Delivery of Notices. Notices to the owner and general contractor no longer have to be delivered by certified mail or in person. Notices can be delivered by any form of traceable private delivery or other mailing service.  Notice by the rarely used “registered mail” is no longer effective.  If there is the ability to confirm receipt by the owner and original contractor, notice will likely be considered effective.

Architects, Engineers and Surveyors Fall Under “Improvement”

As noted above, work by these professionals now clearly falls within the definition of “improvement.” More critically, HB 2237 removes the requirement that such professionals provide services under a contract with the owner, or the owner’s agent, trustee or receiver.  Architects, engineers and surveyors who contract with an original architect or engineer (i.e., one who contracts directly with the owner), or with an original contractor or subcontractor will be entitled to a lien for any “improvement” they prepare in connection with a construction project.  

Timing for Filing Lien Affidavits Remains Unchanged  

The basic deadlines for filing an affidavit claiming a mechanic’s lien in Section 53.052 have not changed.  HB 2337, however, does eliminate the confusing “accrual of indebtedness” date as the event from which lien filing deadlines must be calculated. Original contractors must file the lien affidavit by the 15th day of the fourth month (for commercial projects) or the third month (for residential projects) after the month in which the work was completed, terminated, or abandoned. Subcontractors have the same deadlines which begin to run after the month in which the subcontractor last provided labor or materials.  

In the case of specially fabricated materials, the same deadlines apply and start to run beginning with the “month the claimant would normally have been required to deliver the last of specially fabricated materials that have not been actually delivered.” 

Affidavits of Completion Eliminated

Previously, an owner could record an affidavit of completion, provide notice to the original contractor and subcontractors, and shorten the time frame for filing of lien affidavits to 40 days after the date of completion. HB 2237 eliminates the ability of owners to shorten the lien affidavit deadline. The deadlines under Section 53.052 will control under all circumstances. 
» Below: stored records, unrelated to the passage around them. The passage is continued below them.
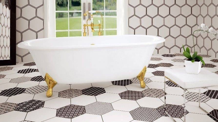 Настоящим украшением просторной ванной комнаты становится пол. Его можно использовать для создания основного акцента.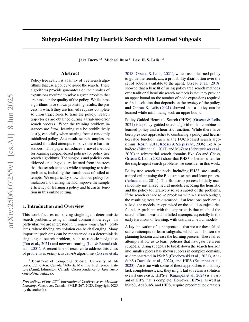 Subgoal-Guided Policy Heuristic Search with Learned Subgoals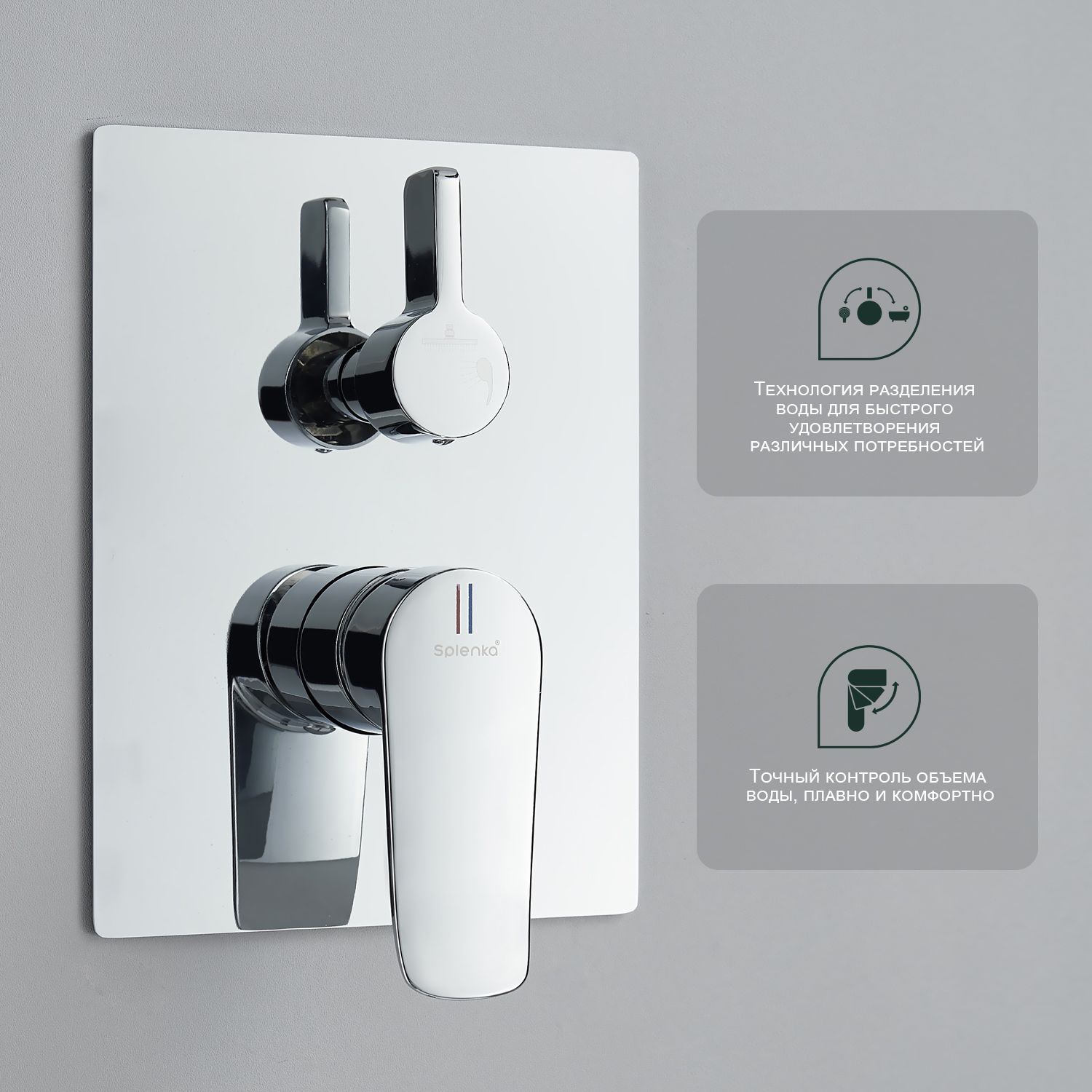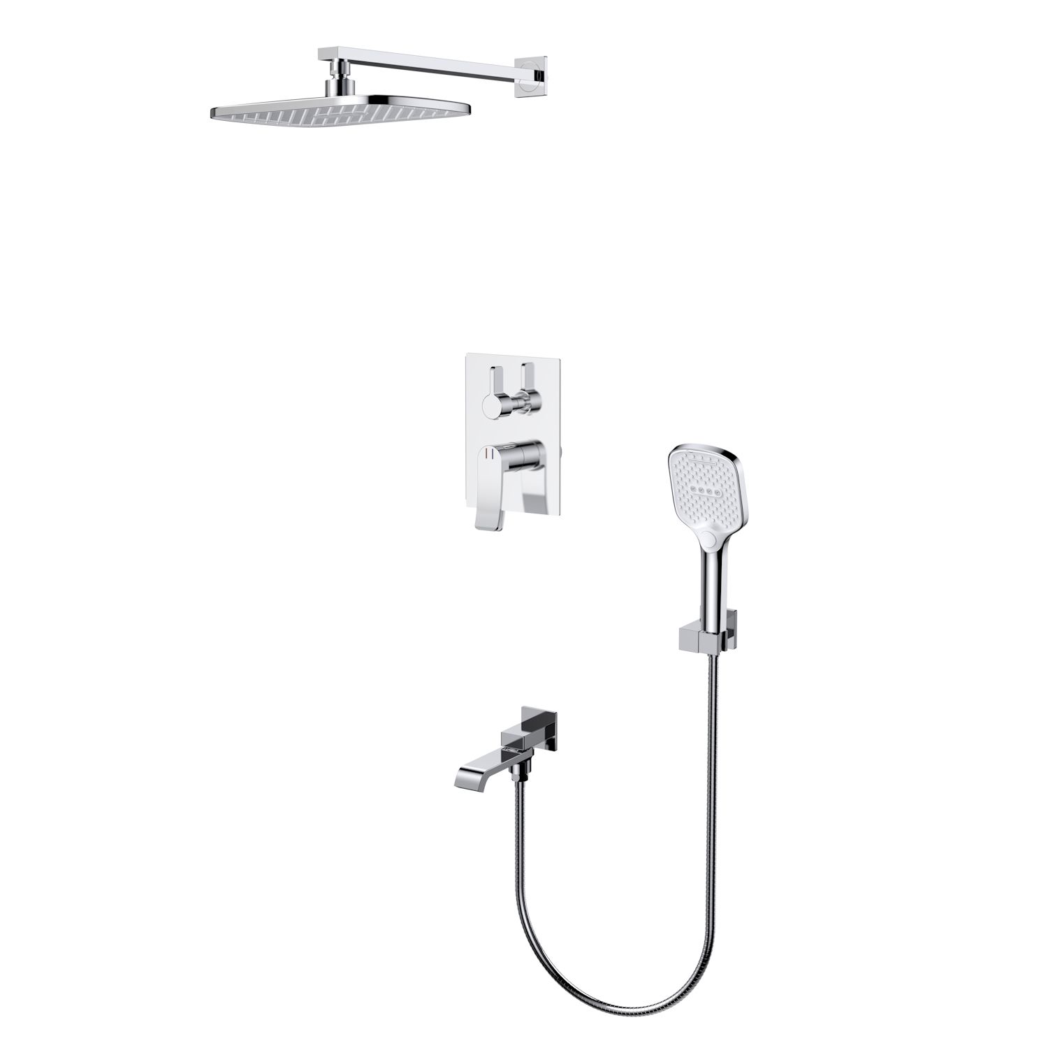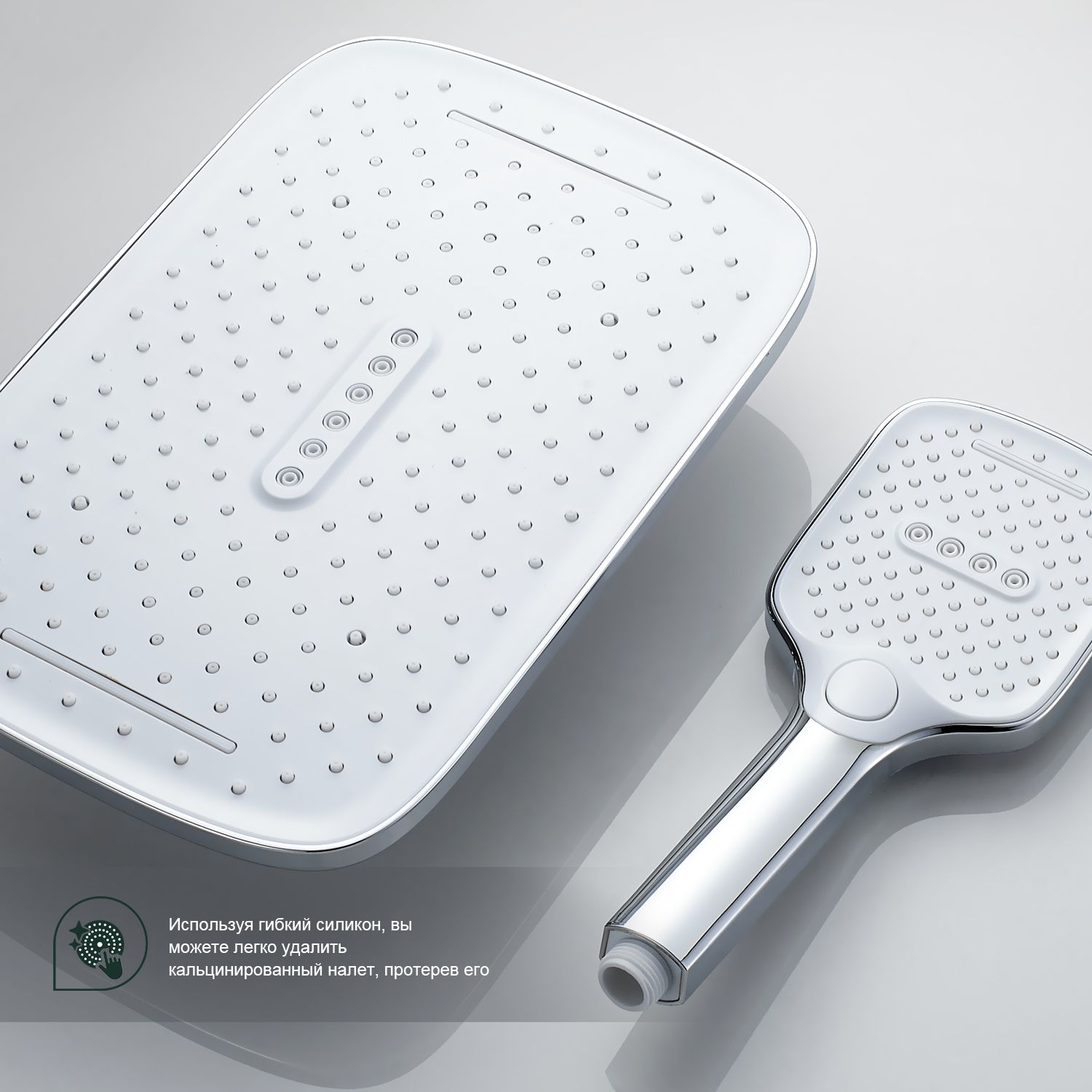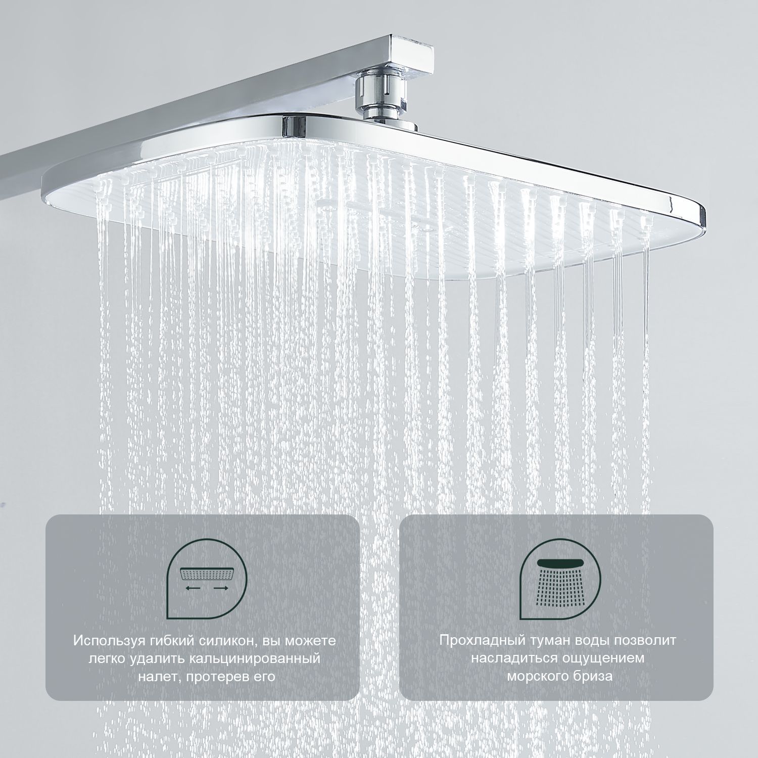 Смеситель, внутренняя часть, шланговое подключение с держателем лейки, душевой шланг, верхний душ с кронштейном, излив |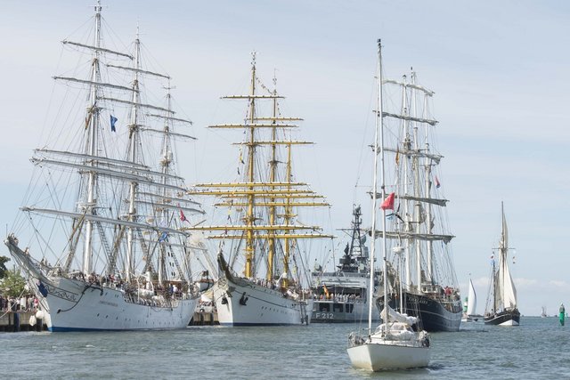 Die größten Schiffe des diesjährigen Traditionssegler-Treffens werden voraussichtlich die Viermast-Bark „Kruzenshtern“ aus Russland (114,5 Meter) und das Vollschiff „Dar Mlodziezy“ aus Polen (108,6 Meter) sein. Zu den weiteren „Giganten“ zählen das Segelschulschiff der Deutschen Marine, die Bark „Gorch Fock“ (89,3 Meter), der Clipper „Stad Amsterdam“ aus den Niederlanden (76 Meter) und das Vollschiff „Christian Radich“ aus Norwegen (73 Meter).
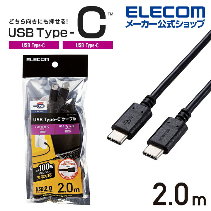 エレコム USB2.0ケーブル C-Cタイプ USB2.0ケーブル USB Type-C(TM) to USB Type-C(TM) 認証品 USB Power Delivery対応 5A出力 100W 高速充電 コンパクトコネクタ 2.0m ブラック ELECOM U2C-CC5PC20NBK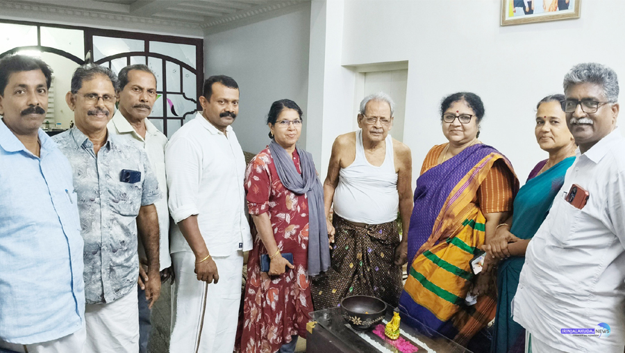 എല്ഡിഎഫ് സ്ഥനാര്ഥി ആര്. ബിന്ദു മുതിര്ന്ന സിപിഎം നേതാവ് പോള് കോക്കാട്ടിനെ സന്ദര്ശിച്ച് അനുഗ്രഹം വാങ്ങുന്നു.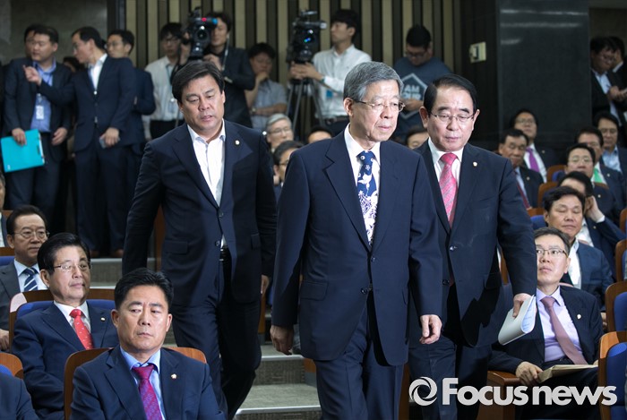(서울=포커스뉴스) 6일 오후 서울 여의도 국회에서 열린 새누리당 의원총회에 김희옥(가운데) 혁신비대위원장과 박명재(오른쪽) 사무총장이 참석하고 있다.

Foreclosure of Liens – Deadline to File Shortened

HB 2337 shortens the deadline to file suit to foreclose a mechanic’s lien on a commercial project. Beginning in January, a lien claimant must sue to foreclose not later than one year after the last date on which the claimant could file a lien affidavit under Section 53.052. The parties may extend that deadline by written agreement but not by more than one additional year.  The agreement must be made before the expiration of the one-year deadline and must be recorded with the County Clerk. The one-year deadline for foreclosure on residential construction liens remains intact.

Problems with Timing for Retainage Lien Claims

HB 2337 provides that a “claimant other than an original contractor claiming a lien for retainage must file an affidavit with the County Clerk not later than the 15th day of the third month after the month in which the original contract under which the claimant performed was completed, terminated, or abandoned.” Section 53.052(d). 

However, the Legislature left intact Section 53.103 which provides that a claimant has a lien on the reserved funds if the claimant sends the required notices and “except as allowed by Section 53.057(d), files an affidavit claiming a lien not later than the 30th day after the earliest of the date: (A) the work is completed; (B) the original contract is terminated; or (C) the original contractor abandons performance under the original contract.”

So, what is the actual deadline? Is it the 15th day of the third month after completion, termination or abandonment by the original contractor or 30 days after the earliest of those events? Retainage claimants would be well advised to comply with the 30-day deadline in Section 53.103 as it is unclear whether owners are required to hold on to the retainage beyond that deadline. If a claimant misses the 30-day deadline, it may still have a valid lien claim if it complies with the later deadline in Section 53.052(d) but does so at its risk.